The task ▸ Write out the lines below exactly, beginning at the one with "The Angelus - Millet" and stopping after the one with "NBC International recently"; the pictures are not copied.
..............................
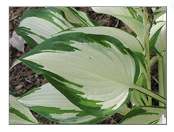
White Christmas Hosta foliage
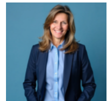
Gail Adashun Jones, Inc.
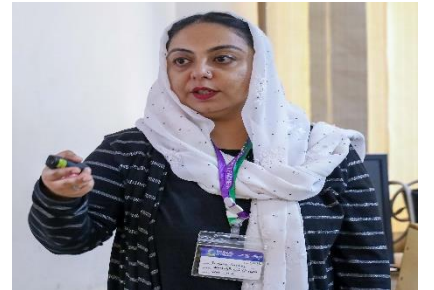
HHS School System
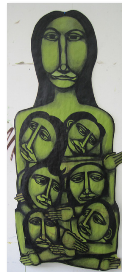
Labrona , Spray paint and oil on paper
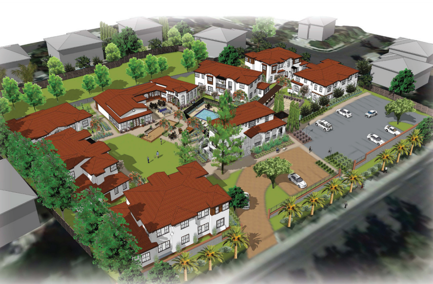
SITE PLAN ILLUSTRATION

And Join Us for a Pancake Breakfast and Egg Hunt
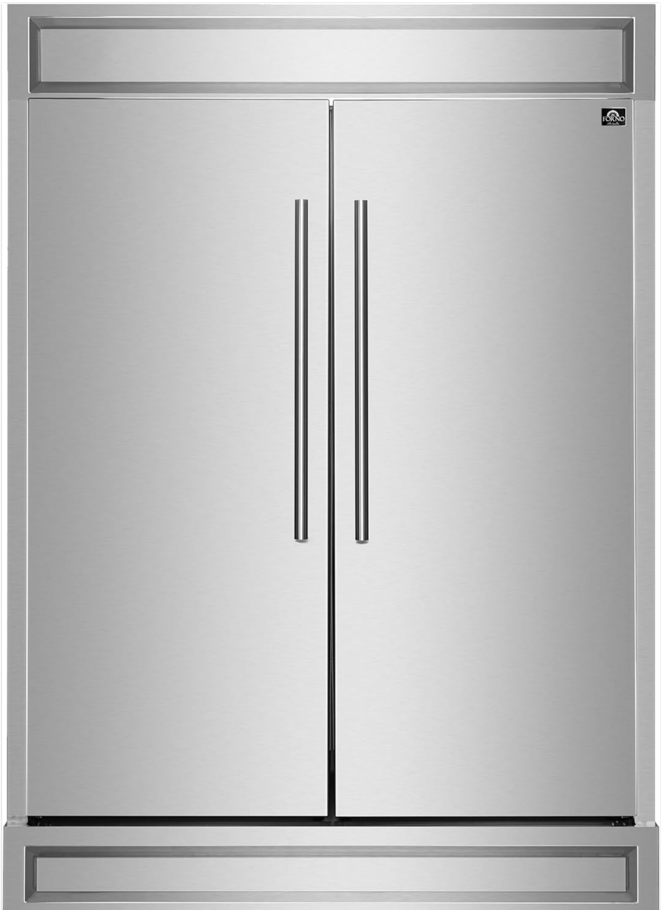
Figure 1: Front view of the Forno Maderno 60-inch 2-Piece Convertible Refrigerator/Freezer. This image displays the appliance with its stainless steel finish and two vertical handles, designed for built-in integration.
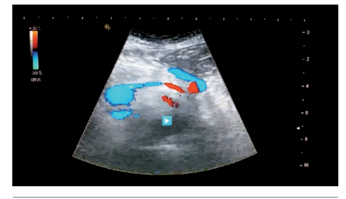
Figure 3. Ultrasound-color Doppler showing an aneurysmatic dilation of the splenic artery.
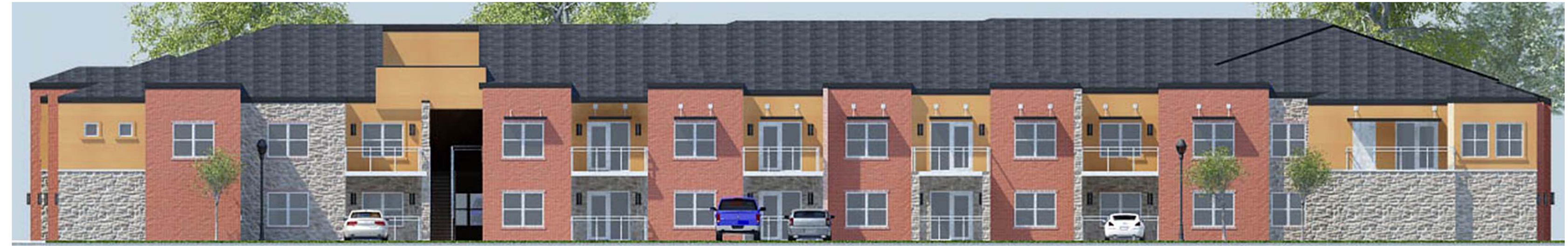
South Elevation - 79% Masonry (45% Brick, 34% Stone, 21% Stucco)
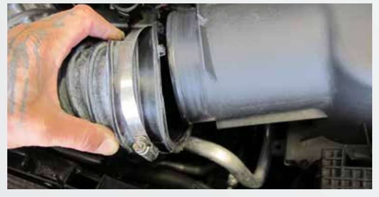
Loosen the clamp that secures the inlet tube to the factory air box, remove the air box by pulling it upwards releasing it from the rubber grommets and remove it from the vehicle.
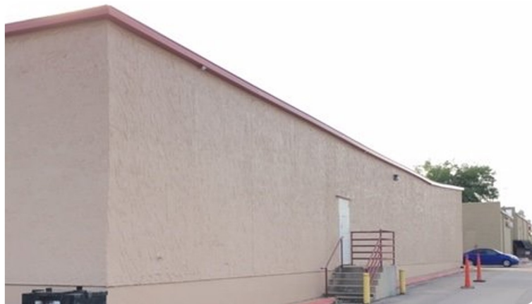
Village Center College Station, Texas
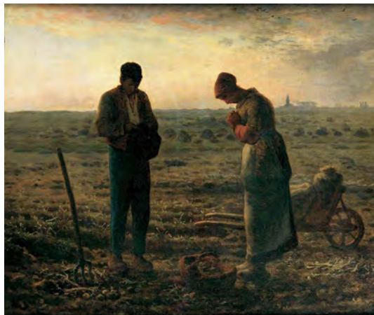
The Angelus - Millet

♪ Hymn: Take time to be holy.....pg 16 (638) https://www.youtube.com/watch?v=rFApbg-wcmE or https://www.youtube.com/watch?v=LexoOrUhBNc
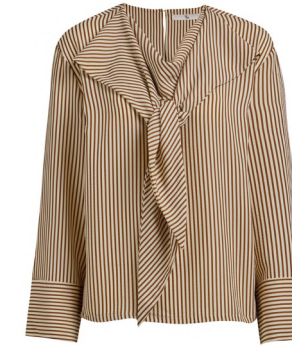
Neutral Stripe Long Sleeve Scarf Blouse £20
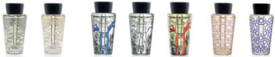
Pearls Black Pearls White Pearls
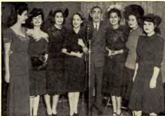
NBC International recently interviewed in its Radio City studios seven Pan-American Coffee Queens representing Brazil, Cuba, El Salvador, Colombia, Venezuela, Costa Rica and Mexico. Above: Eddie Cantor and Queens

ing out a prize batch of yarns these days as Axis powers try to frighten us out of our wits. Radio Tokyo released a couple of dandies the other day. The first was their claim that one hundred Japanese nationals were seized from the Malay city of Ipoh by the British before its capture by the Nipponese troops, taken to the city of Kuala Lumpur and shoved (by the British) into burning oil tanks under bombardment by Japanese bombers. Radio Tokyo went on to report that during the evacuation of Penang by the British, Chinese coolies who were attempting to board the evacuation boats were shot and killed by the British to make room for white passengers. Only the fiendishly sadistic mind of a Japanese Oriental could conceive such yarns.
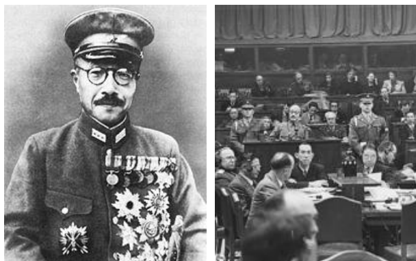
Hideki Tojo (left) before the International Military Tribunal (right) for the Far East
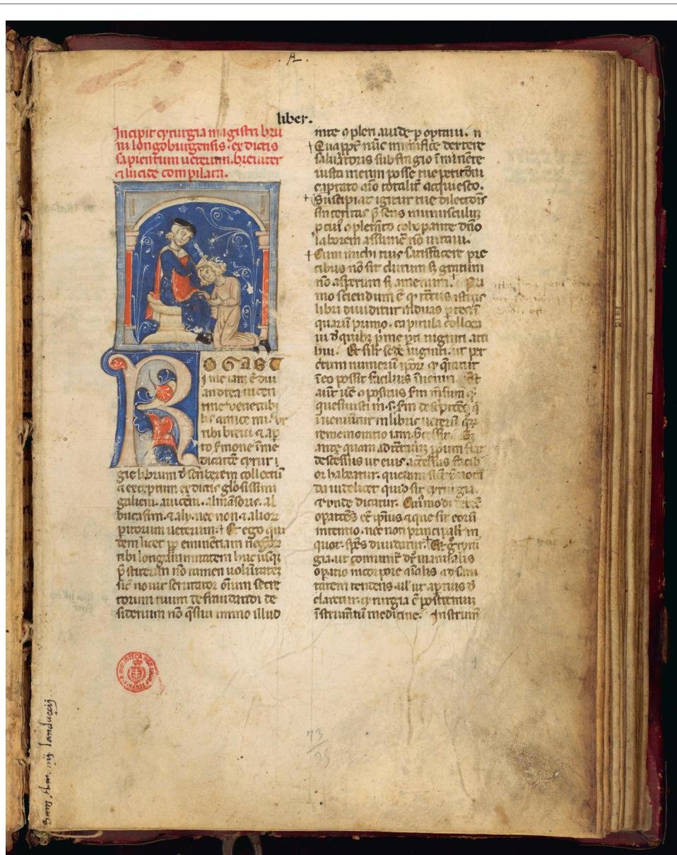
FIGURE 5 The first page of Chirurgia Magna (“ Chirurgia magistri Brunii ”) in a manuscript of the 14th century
..............................
Reply ▸
The Angelus - Millet

♪ Hymn: Take time to be holy.....pg 16 (638) https://www.youtube.com/watch?v=rFApbg-wcmE or https://www.youtube.com/watch?v=LexoOrUhBNc
Neutral Stripe Long Sleeve Scarf Blouse £20
Pearls Black Pearls White Pearls
NBC International recently interviewed in its Radio City studios seven Pan-American Coffee Queens representing Brazil, Cuba, El Salvador, Colombia, Venezuela, Costa Rica and Mexico. Above: Eddie Cantor and Queens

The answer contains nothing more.